**TASK INSTRUCTIONS**
Please copy every line of the data in which the string "Grey" appears.

**Stored data**
================
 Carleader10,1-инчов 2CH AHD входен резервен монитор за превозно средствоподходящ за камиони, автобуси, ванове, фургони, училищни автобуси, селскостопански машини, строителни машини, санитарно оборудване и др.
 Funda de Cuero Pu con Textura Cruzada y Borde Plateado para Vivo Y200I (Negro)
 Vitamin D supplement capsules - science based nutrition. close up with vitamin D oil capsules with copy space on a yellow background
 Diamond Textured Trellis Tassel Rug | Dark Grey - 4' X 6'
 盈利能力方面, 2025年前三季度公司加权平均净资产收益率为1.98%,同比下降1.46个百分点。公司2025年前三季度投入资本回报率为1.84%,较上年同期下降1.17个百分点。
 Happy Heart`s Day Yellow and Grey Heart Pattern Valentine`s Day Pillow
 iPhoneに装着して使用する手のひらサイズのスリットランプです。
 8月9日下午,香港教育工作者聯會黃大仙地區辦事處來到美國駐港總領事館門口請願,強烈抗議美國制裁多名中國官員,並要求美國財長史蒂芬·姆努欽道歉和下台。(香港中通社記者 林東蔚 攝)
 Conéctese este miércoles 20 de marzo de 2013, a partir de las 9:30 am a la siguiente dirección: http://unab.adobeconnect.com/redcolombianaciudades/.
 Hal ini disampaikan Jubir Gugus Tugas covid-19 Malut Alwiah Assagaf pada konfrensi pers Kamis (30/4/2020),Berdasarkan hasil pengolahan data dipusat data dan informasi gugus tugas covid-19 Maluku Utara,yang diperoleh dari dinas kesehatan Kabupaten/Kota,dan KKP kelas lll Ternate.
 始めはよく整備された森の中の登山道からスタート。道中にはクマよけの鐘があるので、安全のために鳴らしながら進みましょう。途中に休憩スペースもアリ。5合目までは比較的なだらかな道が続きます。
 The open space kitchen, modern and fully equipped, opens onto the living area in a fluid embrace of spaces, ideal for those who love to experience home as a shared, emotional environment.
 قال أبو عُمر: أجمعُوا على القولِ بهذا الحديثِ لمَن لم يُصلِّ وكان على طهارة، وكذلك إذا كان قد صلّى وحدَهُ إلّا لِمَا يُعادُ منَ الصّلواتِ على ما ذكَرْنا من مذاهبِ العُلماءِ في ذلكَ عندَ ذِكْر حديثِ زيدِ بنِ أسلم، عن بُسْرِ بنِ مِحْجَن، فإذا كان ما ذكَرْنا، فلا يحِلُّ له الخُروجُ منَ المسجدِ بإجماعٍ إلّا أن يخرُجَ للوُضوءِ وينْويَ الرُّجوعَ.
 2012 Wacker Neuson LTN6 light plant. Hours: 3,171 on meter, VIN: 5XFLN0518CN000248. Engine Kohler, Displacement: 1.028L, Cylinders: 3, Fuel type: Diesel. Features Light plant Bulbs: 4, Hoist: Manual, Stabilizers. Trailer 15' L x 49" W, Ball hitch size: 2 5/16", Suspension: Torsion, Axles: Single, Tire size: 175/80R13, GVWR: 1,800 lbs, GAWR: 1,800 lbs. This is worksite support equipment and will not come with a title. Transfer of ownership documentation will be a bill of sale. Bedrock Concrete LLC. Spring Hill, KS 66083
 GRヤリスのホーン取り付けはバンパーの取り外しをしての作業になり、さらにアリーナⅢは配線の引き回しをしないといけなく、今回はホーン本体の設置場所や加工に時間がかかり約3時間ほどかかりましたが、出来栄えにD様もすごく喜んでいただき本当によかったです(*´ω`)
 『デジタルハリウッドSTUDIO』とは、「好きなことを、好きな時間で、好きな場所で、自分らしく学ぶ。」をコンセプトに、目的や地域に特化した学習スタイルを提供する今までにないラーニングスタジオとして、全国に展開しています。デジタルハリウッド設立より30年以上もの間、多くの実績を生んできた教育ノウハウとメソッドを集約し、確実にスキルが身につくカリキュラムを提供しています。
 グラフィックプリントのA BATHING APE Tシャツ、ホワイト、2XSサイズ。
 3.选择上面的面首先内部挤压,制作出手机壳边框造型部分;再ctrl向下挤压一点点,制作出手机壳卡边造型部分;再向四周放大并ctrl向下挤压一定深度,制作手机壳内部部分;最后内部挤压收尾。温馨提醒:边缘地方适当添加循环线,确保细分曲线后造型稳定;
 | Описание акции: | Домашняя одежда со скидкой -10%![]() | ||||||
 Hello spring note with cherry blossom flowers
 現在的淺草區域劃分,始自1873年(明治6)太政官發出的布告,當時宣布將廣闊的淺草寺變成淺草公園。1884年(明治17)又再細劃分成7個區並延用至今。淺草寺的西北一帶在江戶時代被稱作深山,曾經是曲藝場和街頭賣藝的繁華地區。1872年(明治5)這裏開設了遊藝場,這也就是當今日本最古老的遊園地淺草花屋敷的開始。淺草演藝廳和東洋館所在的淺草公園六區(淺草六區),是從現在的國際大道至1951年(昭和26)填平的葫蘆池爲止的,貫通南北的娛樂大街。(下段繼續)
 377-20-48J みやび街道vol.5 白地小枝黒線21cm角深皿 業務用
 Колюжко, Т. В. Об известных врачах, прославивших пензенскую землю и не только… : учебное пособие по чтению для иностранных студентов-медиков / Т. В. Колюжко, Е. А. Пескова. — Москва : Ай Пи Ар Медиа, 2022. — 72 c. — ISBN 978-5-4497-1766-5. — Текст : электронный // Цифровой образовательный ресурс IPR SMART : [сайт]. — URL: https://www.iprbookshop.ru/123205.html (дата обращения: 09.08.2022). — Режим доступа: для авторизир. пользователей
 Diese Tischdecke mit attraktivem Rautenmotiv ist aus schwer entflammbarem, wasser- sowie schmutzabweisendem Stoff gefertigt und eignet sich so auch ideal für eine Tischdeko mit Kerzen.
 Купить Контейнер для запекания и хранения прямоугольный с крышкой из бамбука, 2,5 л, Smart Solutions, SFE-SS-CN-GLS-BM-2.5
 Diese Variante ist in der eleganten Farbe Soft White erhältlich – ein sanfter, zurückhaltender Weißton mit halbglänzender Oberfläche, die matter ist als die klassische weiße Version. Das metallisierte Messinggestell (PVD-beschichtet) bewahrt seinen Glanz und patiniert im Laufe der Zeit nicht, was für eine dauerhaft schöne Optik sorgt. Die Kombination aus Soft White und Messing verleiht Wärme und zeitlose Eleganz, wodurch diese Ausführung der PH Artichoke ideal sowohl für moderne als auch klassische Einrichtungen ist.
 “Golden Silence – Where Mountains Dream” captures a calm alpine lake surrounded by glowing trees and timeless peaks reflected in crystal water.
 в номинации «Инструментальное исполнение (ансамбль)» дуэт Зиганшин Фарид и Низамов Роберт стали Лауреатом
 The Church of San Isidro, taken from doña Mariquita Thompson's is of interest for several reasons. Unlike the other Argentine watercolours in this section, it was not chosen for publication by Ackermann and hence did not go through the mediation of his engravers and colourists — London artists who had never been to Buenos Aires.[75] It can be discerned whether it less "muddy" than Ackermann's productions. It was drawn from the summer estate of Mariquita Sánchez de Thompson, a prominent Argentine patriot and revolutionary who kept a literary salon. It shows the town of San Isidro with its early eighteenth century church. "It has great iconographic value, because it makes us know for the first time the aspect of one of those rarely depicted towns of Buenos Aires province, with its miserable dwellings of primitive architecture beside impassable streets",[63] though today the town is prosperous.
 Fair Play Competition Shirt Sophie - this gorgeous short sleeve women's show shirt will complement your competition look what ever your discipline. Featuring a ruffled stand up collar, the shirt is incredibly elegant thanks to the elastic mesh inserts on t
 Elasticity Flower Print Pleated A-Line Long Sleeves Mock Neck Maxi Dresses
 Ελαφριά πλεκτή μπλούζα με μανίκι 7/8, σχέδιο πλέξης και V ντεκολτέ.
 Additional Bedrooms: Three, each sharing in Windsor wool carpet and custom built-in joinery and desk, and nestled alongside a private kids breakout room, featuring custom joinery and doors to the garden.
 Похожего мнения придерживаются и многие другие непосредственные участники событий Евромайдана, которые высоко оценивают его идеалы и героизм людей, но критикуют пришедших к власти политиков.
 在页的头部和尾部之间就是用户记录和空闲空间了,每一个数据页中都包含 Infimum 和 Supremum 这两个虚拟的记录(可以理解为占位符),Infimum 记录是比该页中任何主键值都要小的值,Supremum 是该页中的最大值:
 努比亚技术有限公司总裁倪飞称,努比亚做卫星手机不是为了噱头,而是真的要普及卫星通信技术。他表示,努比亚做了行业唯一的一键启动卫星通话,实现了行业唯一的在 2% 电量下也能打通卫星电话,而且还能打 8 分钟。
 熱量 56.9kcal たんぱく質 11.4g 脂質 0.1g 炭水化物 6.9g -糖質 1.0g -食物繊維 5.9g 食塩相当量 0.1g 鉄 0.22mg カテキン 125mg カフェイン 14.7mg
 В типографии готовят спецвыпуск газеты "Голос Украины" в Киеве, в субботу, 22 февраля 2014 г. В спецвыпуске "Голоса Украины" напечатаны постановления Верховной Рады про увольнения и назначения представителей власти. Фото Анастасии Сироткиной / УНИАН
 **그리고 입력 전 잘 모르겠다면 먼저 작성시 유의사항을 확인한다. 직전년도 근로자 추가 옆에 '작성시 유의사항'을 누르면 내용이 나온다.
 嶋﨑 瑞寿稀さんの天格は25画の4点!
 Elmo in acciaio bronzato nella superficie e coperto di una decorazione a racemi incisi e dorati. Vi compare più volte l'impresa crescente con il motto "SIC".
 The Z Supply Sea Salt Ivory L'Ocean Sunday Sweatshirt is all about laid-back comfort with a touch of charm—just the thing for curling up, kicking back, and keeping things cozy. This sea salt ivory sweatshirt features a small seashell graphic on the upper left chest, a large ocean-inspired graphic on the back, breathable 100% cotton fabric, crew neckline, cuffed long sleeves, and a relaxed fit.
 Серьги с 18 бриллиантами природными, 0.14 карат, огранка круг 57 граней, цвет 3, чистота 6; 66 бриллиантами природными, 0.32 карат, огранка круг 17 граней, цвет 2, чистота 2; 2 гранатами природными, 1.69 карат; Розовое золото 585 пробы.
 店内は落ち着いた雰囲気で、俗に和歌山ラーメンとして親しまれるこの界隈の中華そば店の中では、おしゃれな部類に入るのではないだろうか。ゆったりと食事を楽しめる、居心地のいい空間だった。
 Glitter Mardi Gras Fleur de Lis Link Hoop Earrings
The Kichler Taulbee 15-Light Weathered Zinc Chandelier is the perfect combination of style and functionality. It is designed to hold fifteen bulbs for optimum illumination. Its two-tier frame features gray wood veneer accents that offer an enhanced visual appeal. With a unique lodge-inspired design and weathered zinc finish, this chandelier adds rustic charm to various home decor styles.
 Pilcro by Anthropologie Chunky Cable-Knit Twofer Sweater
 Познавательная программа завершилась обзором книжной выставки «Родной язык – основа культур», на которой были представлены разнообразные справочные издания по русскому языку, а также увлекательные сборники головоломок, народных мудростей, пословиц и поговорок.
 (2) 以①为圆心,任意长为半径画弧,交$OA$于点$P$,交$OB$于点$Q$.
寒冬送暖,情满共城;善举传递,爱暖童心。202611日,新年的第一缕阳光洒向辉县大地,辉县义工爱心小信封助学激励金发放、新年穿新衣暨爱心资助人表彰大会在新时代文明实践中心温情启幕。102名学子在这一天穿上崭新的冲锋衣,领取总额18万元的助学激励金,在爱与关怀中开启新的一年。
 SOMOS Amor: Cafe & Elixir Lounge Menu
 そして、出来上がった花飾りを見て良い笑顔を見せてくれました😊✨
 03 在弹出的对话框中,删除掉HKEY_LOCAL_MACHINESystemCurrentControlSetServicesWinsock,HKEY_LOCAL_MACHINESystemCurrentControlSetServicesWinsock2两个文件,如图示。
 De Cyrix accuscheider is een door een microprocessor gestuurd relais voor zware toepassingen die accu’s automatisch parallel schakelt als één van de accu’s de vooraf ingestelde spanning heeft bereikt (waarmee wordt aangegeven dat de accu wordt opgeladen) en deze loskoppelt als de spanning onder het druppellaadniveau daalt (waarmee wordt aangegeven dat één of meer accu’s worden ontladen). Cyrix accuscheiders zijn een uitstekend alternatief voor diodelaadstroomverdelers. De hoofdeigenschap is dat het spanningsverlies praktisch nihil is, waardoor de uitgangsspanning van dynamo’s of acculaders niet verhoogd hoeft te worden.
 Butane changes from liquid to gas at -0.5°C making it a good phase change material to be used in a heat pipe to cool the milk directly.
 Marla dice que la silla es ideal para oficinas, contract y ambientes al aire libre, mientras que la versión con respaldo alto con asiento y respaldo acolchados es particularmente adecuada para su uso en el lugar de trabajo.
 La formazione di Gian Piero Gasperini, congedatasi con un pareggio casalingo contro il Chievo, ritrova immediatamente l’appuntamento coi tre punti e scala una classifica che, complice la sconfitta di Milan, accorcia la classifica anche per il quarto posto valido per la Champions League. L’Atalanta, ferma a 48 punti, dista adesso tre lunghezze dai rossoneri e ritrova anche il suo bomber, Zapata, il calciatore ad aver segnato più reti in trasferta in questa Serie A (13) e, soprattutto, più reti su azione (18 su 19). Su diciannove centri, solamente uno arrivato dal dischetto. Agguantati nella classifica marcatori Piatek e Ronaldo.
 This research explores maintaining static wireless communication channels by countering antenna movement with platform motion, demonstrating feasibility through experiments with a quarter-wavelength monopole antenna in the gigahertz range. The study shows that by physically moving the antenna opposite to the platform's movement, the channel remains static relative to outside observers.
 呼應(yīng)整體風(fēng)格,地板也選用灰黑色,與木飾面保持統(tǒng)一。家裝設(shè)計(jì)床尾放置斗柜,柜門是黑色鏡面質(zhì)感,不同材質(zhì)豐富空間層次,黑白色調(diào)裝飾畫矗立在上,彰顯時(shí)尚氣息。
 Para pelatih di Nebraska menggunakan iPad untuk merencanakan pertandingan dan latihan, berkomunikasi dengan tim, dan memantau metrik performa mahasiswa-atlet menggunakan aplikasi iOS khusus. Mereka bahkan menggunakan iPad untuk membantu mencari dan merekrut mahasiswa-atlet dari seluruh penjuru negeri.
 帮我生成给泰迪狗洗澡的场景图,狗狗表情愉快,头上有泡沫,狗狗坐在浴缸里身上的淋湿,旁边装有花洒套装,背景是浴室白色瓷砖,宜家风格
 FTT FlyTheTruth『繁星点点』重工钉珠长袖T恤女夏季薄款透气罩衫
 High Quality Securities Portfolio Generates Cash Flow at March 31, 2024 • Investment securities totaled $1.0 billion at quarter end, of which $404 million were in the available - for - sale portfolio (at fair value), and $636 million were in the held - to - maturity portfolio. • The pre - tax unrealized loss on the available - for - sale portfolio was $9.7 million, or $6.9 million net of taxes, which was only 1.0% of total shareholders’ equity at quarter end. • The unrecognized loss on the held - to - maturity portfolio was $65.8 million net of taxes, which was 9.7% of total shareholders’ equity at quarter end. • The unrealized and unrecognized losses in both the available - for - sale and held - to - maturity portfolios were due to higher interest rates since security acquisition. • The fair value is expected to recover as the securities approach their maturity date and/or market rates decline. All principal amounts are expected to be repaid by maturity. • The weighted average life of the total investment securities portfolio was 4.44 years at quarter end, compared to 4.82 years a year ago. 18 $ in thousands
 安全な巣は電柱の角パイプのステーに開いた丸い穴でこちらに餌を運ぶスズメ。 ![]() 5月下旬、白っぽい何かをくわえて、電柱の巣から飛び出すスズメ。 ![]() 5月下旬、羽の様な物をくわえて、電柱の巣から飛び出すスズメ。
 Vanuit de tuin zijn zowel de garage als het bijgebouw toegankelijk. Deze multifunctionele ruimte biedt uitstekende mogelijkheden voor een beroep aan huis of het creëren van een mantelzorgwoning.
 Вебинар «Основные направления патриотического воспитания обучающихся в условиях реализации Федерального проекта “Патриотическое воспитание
================
**RESPONSE TO THE EXERCISE**
 Diamond Textured Trellis Tassel Rug | Dark Grey - 4' X 6'
 Happy Heart`s Day Yellow and Grey Heart Pattern Valentine`s Day Pillow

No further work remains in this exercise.